10.37 Introducing Template Variables
20180721 A reference to the original dataset can be created
using a template (or generic) variable. The new variable will be called
ds
(short for dataset).
Both ds
and weatherAUS
will now reference the same
dataset within the computer’s memory. As we modify ds
those modifications will only affect the data referenced by
ds
. Effectively, an extra copy of the dataset in the
computer’s memory will start to grow as we change the data from its
original form. R avoids making copies of datasets unnecessarily and
so a simple assignment does not create a new copy. As modifications
are made to one or the other copy of a dataset then extra
memory will be used to store the columns that
differ between the datasets.
From here on we no longer refer to the dataset as weather
but as ds
. This allows the following analyses and
processing to be rather generic—turning the R code into a
template and so requiring only minor modification when used
with a different dataset assigned into ds
.
Often we will find that we can simply load a different dataset into
memory, store it as ds
and the remaining steps of our
analyses and processing will essentially work unchanged.

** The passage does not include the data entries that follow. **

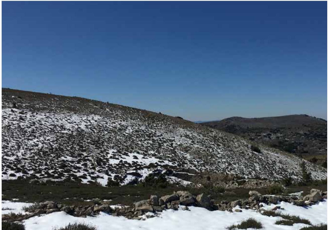
Nieve en Bellida durante estas últimas semanas

Los Ventisqueros tienen su nombre, que va ligado a la propiedad del constructor, del lugar que ocupan, o de detalles que permitían su identificación y los definían: Ventisquero de los Frailes, uno de los que mejor se conserva, y que tiene su nombre por los frailes de la Cartuja de Porta - Coeli, o de los de Val de Crist. Ventisquero del Tío Bartolomé, Ventisquero del Tío Cabrero, Ventisquero del Tío Bodegas, Ventisquero de las Ombrias, Ventisqueros del
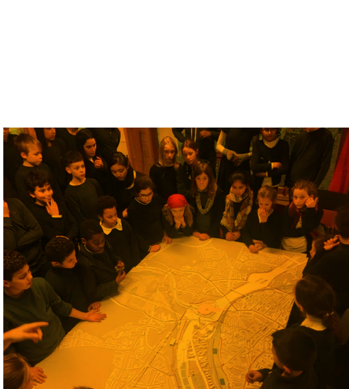
01 Over de Ring Team Oost / endeavour, SINAE en H&H+S

Gent groeit en dat veroorzaakt groepen die zich op de woonmarkt sterk laten voelen. Het resultaat vandaag in een wooncrisis met niet één uitdaging, maar verschillende uitdagingen. Bijgevolg is er niet slechts één kant-en-klare oplossing. Hoe zet men in op de grote woongebouwen, de woonopgaves en de ontwerp oplossingen? Hoe houdt men de betaalbaarheid in het oog? Na het kaderen van het woonvraagstuk in Gent worden vier verschillende woonprojecten gepresenteerd. Nadien gaan we in dialoog.
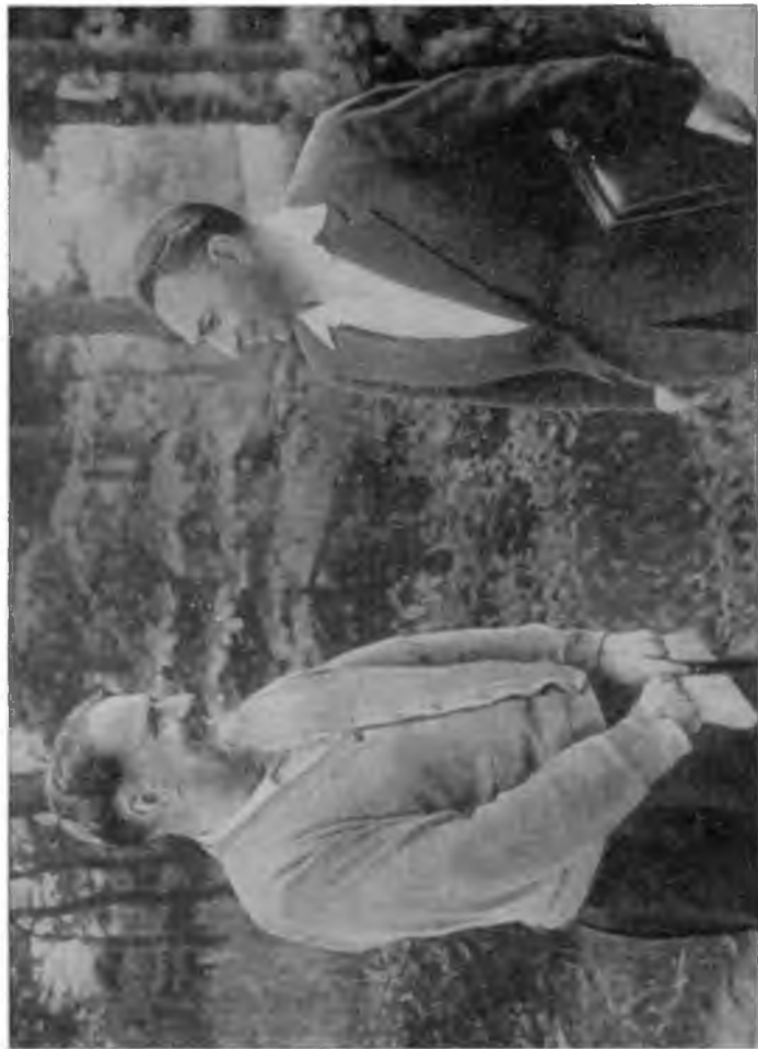
И. В. Курчатов и В. П. Дзелепов. Лето 1959 г.

The first few steps of our template are then captured as creating the reference to the dataset and presenting our initial view of the dataset.
# Prepare for a templated analysis and processing.
dsname <- "weatherAUS"
ds <- get(dsname)
ds %<>% clean_names(numerals="right")
glimpse(ds)
## Rows: 226,868
## Columns: 24
## $ date <date> 2008-12-01, 2008-12-02, 2008-12-03, 2008-12-04, 2008-…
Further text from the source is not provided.